The higher local stability in the smoking group indicates that the peri-implant microbiome had become more stubborn under smoking conditions and could not be shifted easily when subject to exogenous perturbations. This may be related to the poor responsiveness towards peri-implant treatment in smokers.

Alterations in the microbial community structures compromised the responsiveness of the peri-implant microbiome

Inter-species correlations, as well as other structural properties have been proven to influence the stability of microbial communities (Gardner and Ashby, 1970; Allesina and Tang, 2012; Coyte et al., 2015). The combined effect of alterations in both correlation types and structural properties together determined the high stability in the smoking-related microbiome. However, we were also interested in determining which of the two factors was the greater contributor to the difference in local stability, and therefore finding out what in specific had led to the greater stubbornness and the compromised responsiveness of peri-implant microbiome in smokers.

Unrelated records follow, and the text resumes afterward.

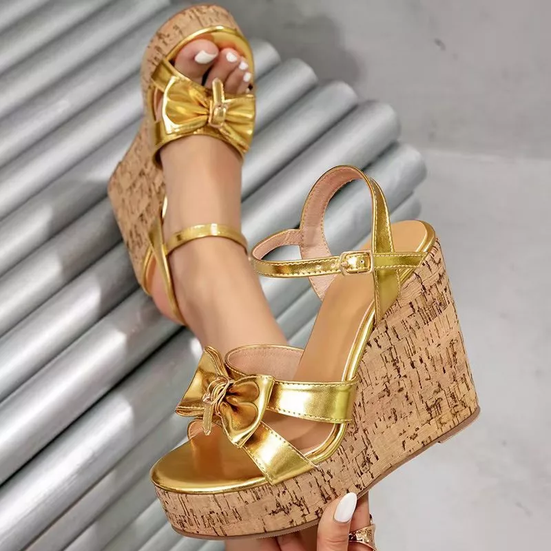 Sandali Oro Con Plateau In Sughero Da 12 Cm Con Fiocco Eleganti Estivi CF54950
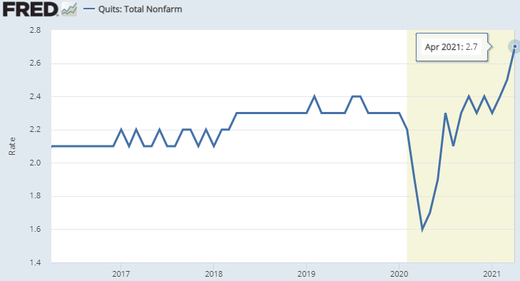 恐らく好待遇の求人が増えていることから、自発的な離職率も上昇している。コロナショック直後に労働者が職にしがみ付いていたのと対照的である。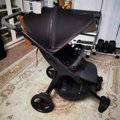 Lækker klapvogn m justerbart håndtag, drejhjul og soltag, den kan ligges helt ned så barnet kan ligge udstrakt , der er slid på håndtaget se billede og den vil have glæde af en vask.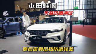 广汽本田雅阁车窗防晒测试,侧后窗和后档防晒稍差!

To evaluate the association between the percentage of negative/positive correlations and the local stability of the peri-implant microbiome, we constructed a virtual microbial community by changing all the negative correlations in the smoking network into positive correlations. This community was named C1 as a counterpart to its original smoking microbiome C0 (Figure 3C). In this way, C1 and C0 had exactly the same community size, connectance, and degree distribution; the only difference was that the proportion of negative correlations (Pn) in C0 was 15.8% versus 0 in C1. The stability difference between C1 and C0 were then compared using the same strategy above to evaluate the stability contribution from negative correlations (Figure 3D). The results showed that C1 and C0 had almost the same local stability under various parameter settings, which indicates that the percentage of negative/positive correlations was not essential in determining the local stability of the peri-implant microbiome.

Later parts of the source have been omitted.